» **Task description**
All lines in the records below from the line with "Whimsyから始めてリリー" through the line with "A Prefeitura de" are to be given again exactly, both ends included; the pictures are to be left out.

» **Information given**
◆ ◆ ◆ ◆

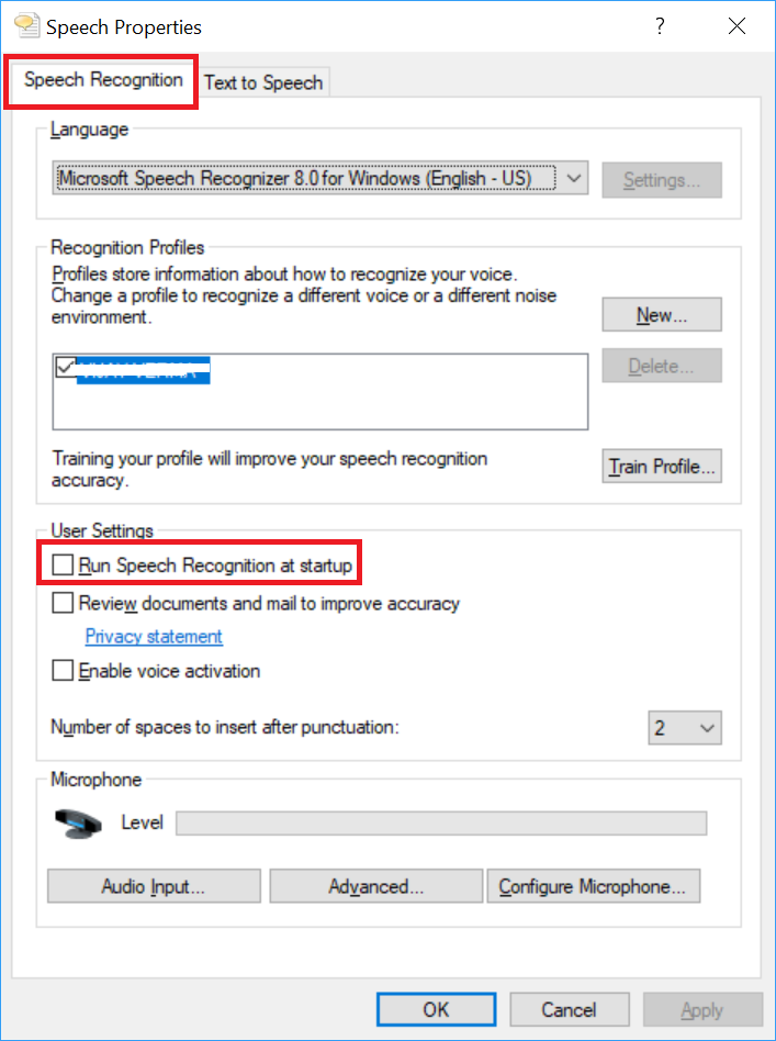Hello, to turn off speech recognition, go to the Windows search bar, then type in "speech", then choose Speech Recognition. Click on Advanced Options, then uncheck the "run speech recognition at startup" option. Restart the computer, and the speech recognition should no longer be there.
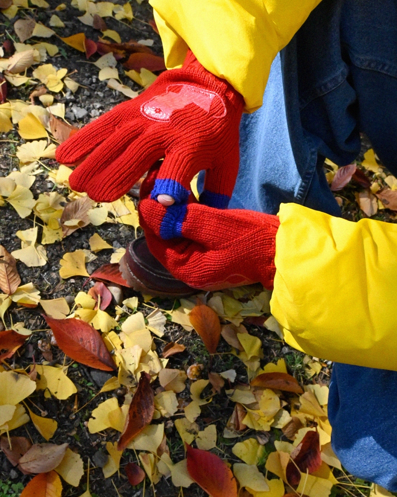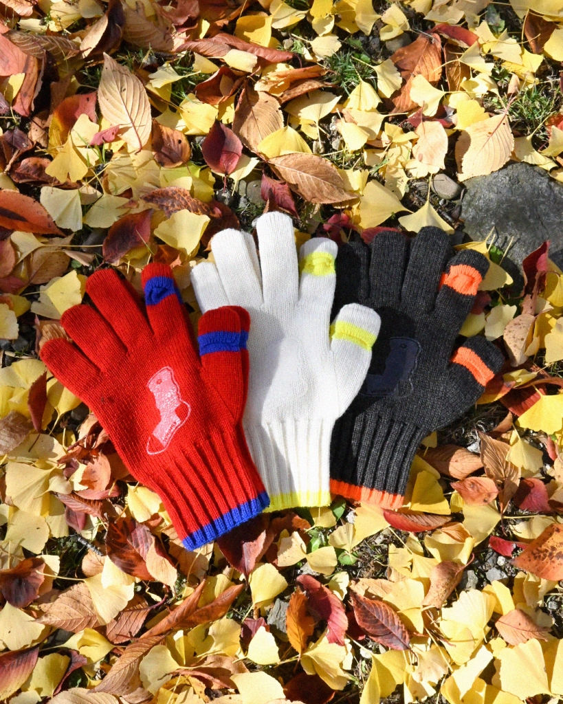 Whimsyから始めてリリースされる手袋は、ウール100%の糸で製作され古き良き風合いを醸し出す。切り返しにより人差し指と親指が着用したまま出せるのでスマホも操作可能。
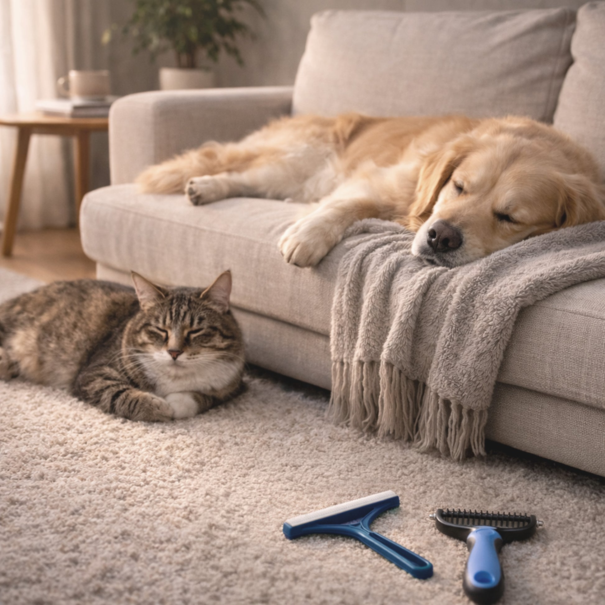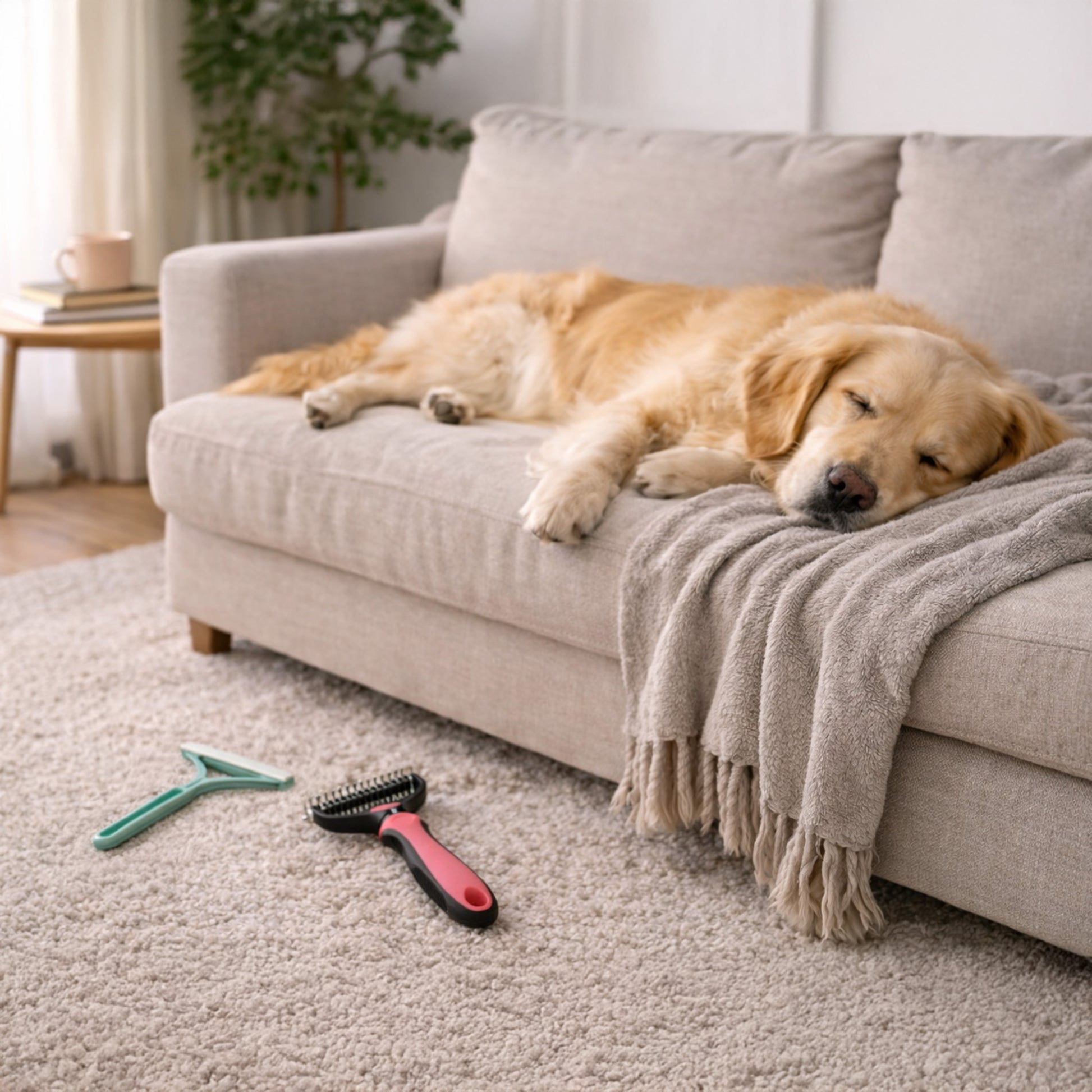Use the Grooming Rake 1–2 times per week to reduce loose undercoat before it spreads. Use the Everyday Brush to lift what lands on sofas, blankets, car seats, and clothing as needed.
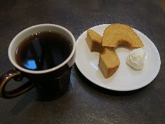 ![]() | 稲城長沼駅北口から3分ほど、旧川崎街道沿いにあります。2階建ての建物です。洒落たガラス戸の外観です。ざるやという酒屋の隣にあります。店内は、カウンター席が5つありました。やや薄暗く静かです。壁の木の棚がお洒落な感じです。本日のコーヒー(650円)とプリン(320円)を注文しました。コーヒーは豆を選びます。マンデリンにしました。コーヒーはハンドドリップで淹れます。コクがあってバランスよかったです。プリンは昔ながらの味わいでした。美味しかったです。他には、各種ドリンク、トースト、チーズケーキなどがありました。 |
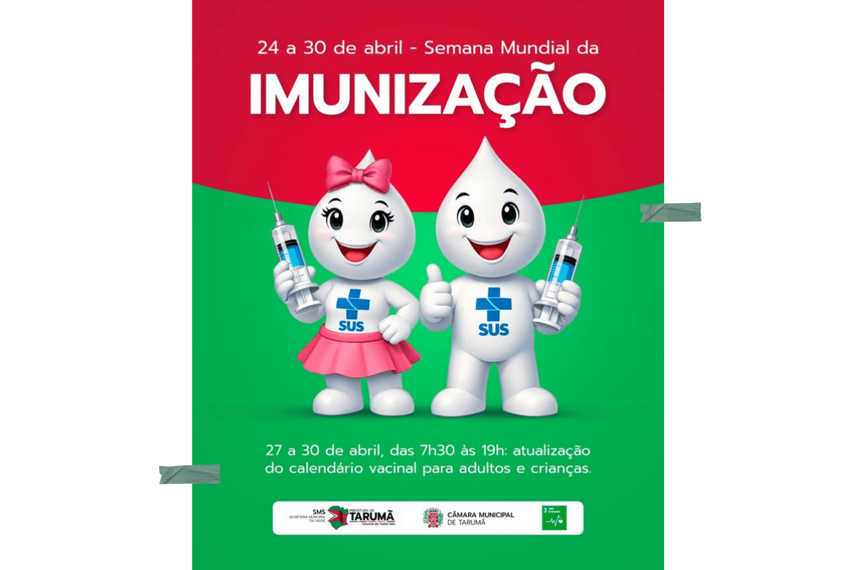 A Prefeitura de Tarumã realiza, entre os dias 27 e 30 de abril, uma ação especial de vacinação voltada à atualização do calendário vacinal da população. A iniciativa integra a Semana Mundial da Imunização e busca ampliar a cobertura de vacinas no município.
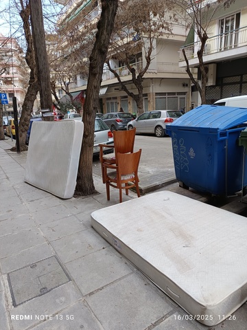 στην Καρακαση 21 μπροστά στον παιδικό σταθμό Φωκα εχουν παρατησει στρωμα και κρεβατι και Στρωμνίτσης 1 εχουν πάει στην μπροστα στην εισοδο της ντουλάπα υποθετει ο κυριος οτι είναι σετ
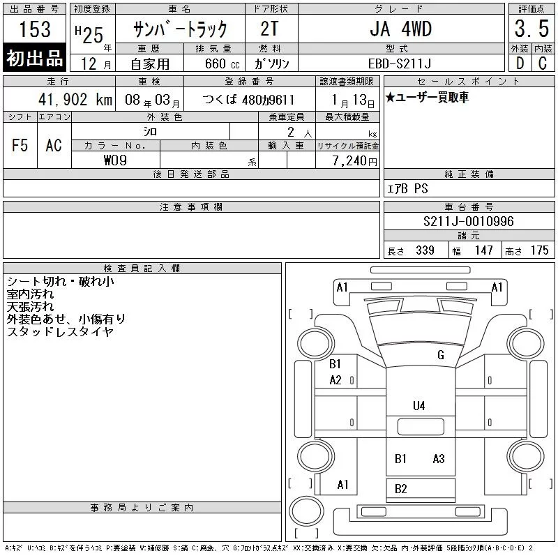 Subaru SAMBAR с аукциона Японии CAA Tokyo лот № 153
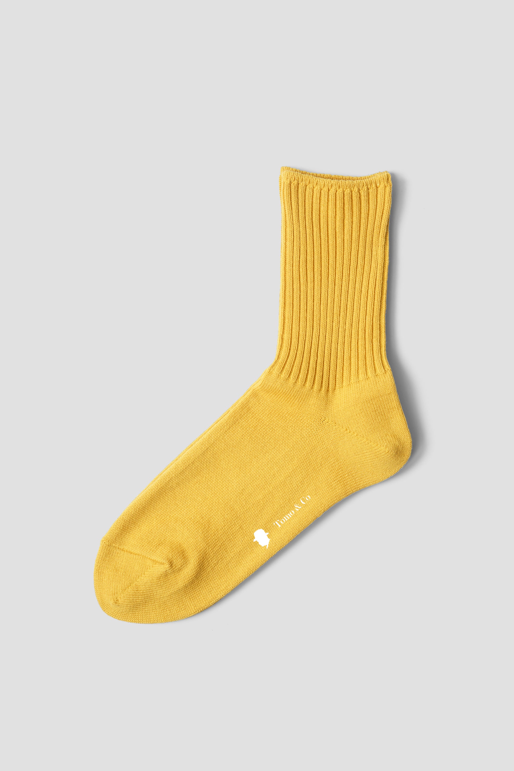 オーガニックコットンの20双糸を100針以上リブ編みにて作成した靴下。

◆ ◆ ◆ ◆

» **Result**
 Whimsyから始めてリリースされる手袋は、ウール100%の糸で製作され古き良き風合いを醸し出す。切り返しにより人差し指と親指が着用したまま出せるのでスマホも操作可能。
Use the Grooming Rake 1–2 times per week to reduce loose undercoat before it spreads. Use the Everyday Brush to lift what lands on sofas, blankets, car seats, and clothing as needed.
 ![]() | 稲城長沼駅北口から3分ほど、旧川崎街道沿いにあります。2階建ての建物です。洒落たガラス戸の外観です。ざるやという酒屋の隣にあります。店内は、カウンター席が5つありました。やや薄暗く静かです。壁の木の棚がお洒落な感じです。本日のコーヒー(650円)とプリン(320円)を注文しました。コーヒーは豆を選びます。マンデリンにしました。コーヒーはハンドドリップで淹れます。コクがあってバランスよかったです。プリンは昔ながらの味わいでした。美味しかったです。他には、各種ドリンク、トースト、チーズケーキなどがありました。 |
 A Prefeitura de Tarumã realiza, entre os dias 27 e 30 de abril, uma ação especial de vacinação voltada à atualização do calendário vacinal da população. A iniciativa integra a Semana Mundial da Imunização e busca ampliar a cobertura de vacinas no município.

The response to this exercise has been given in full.